THE DATA:

*** Begin section ***

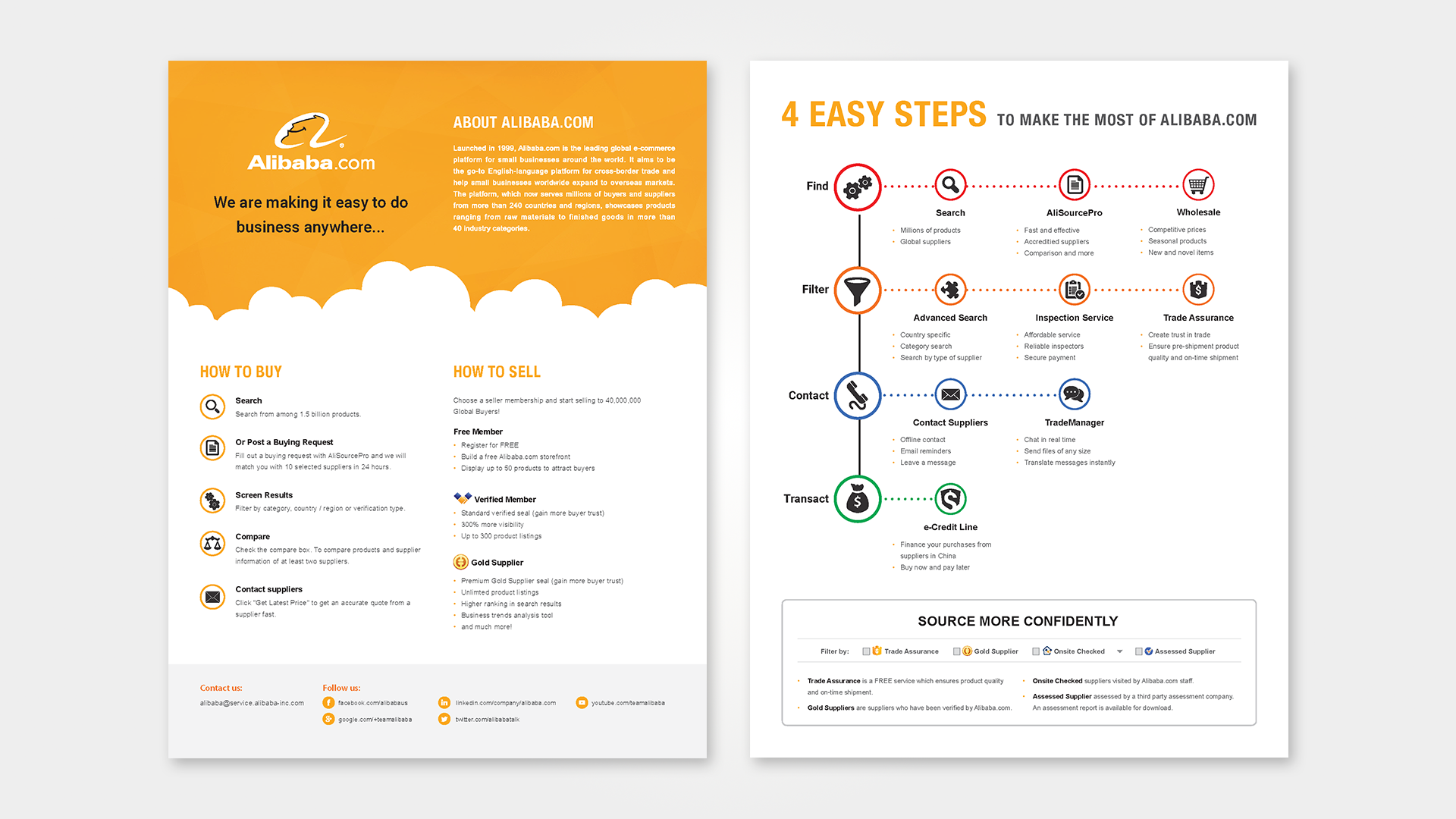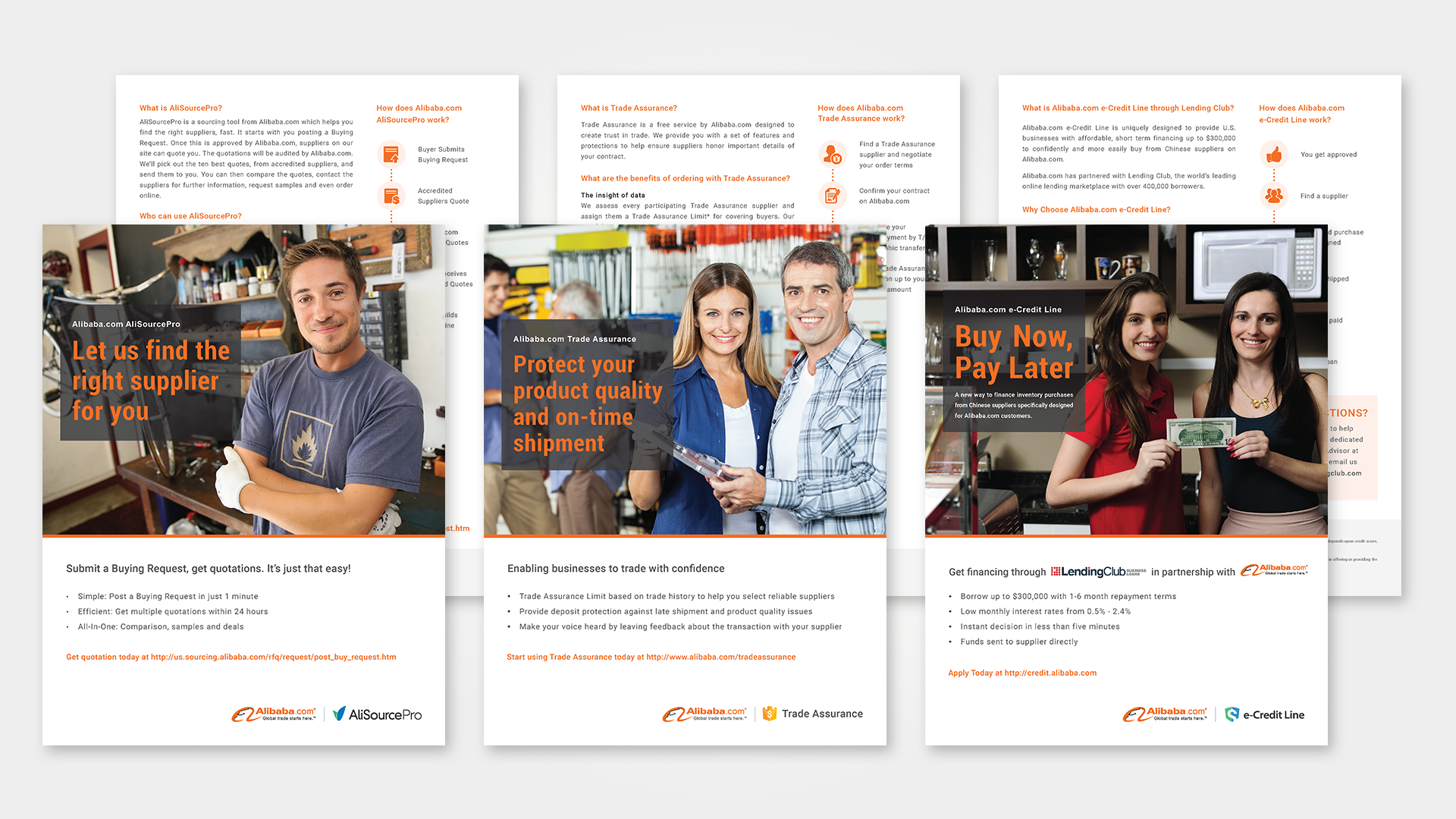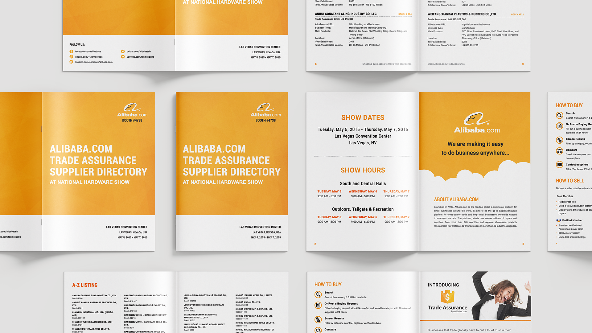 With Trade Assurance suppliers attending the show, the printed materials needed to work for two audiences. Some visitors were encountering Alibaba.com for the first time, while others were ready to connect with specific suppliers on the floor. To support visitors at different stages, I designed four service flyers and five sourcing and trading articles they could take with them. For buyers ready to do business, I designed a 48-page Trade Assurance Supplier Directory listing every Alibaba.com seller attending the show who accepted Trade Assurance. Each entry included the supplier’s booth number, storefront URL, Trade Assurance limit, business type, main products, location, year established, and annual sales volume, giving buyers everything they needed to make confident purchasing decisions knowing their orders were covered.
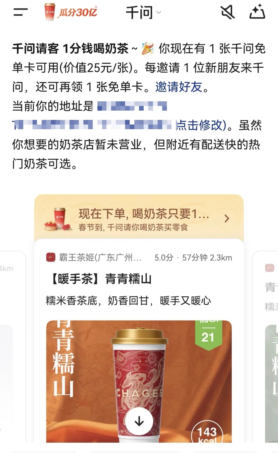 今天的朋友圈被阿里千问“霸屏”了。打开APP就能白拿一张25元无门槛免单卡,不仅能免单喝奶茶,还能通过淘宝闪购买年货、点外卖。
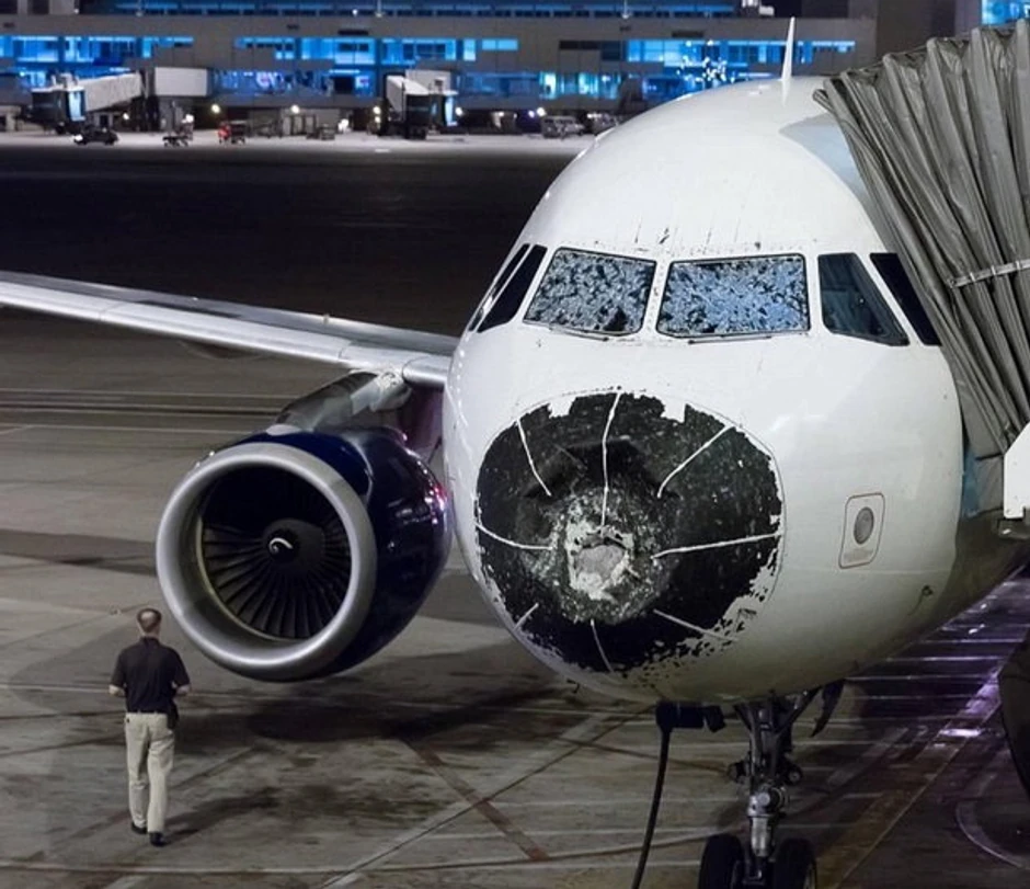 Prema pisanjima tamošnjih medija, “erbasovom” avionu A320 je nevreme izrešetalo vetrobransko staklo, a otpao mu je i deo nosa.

*** End section ***
*** Begin section ***

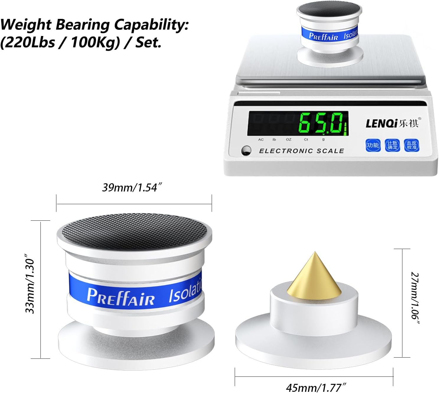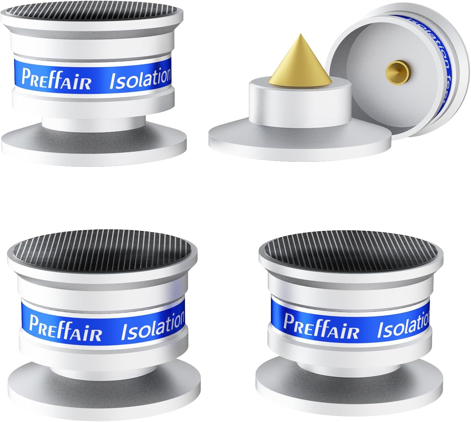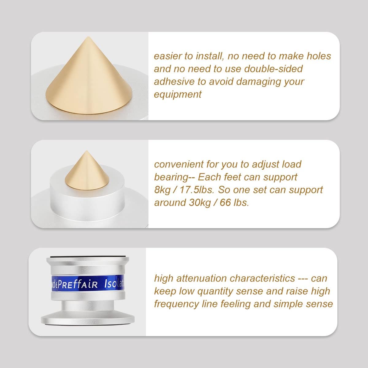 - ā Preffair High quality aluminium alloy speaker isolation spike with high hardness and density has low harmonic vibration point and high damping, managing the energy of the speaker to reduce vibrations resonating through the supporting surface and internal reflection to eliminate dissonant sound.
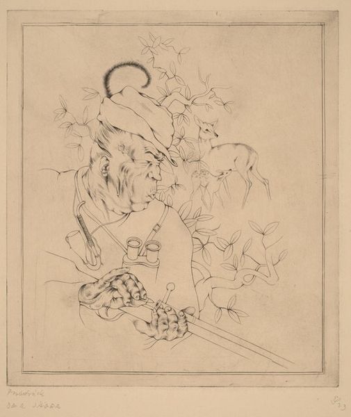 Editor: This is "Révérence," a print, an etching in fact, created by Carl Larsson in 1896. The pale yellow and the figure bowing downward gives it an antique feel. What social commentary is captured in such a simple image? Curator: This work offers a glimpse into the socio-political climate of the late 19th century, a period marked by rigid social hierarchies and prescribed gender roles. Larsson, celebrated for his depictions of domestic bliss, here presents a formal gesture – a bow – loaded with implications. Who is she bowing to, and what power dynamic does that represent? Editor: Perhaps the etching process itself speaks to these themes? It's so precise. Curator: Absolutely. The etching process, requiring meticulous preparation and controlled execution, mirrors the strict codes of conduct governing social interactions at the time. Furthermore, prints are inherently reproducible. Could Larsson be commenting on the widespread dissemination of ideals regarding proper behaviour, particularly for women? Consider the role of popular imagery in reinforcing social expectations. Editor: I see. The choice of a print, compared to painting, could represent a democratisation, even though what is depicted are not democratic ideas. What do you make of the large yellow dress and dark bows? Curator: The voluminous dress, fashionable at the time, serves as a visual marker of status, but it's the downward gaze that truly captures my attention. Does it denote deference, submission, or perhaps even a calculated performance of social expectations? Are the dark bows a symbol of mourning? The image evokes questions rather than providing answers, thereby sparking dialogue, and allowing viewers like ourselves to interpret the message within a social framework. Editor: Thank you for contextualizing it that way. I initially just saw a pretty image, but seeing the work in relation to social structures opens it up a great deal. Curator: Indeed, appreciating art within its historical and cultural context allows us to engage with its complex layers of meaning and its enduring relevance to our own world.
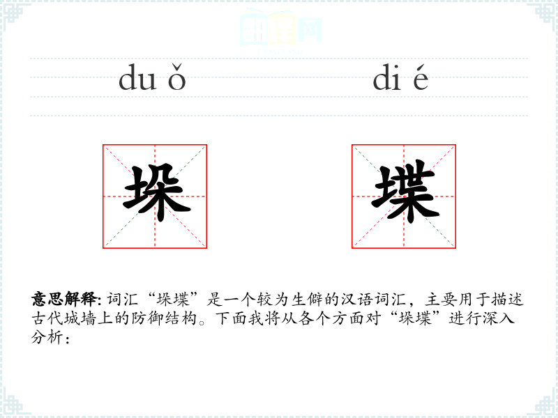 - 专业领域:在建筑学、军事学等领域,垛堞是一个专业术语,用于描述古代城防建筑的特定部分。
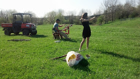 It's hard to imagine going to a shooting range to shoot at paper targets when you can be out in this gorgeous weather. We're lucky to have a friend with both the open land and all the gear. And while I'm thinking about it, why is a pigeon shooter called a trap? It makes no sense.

*** End section ***

An exact transcription is needed of the lines from the one with "- 专业领域:在建筑学、军事" to the one with "It's hard to" above, both ends included, with pictures left out.

FINISHED TASK:
 - 专业领域:在建筑学、军事学等领域,垛堞是一个专业术语,用于描述古代城防建筑的特定部分。
 It's hard to imagine going to a shooting range to shoot at paper targets when you can be out in this gorgeous weather. We're lucky to have a friend with both the open land and all the gear. And while I'm thinking about it, why is a pigeon shooter called a trap? It makes no sense.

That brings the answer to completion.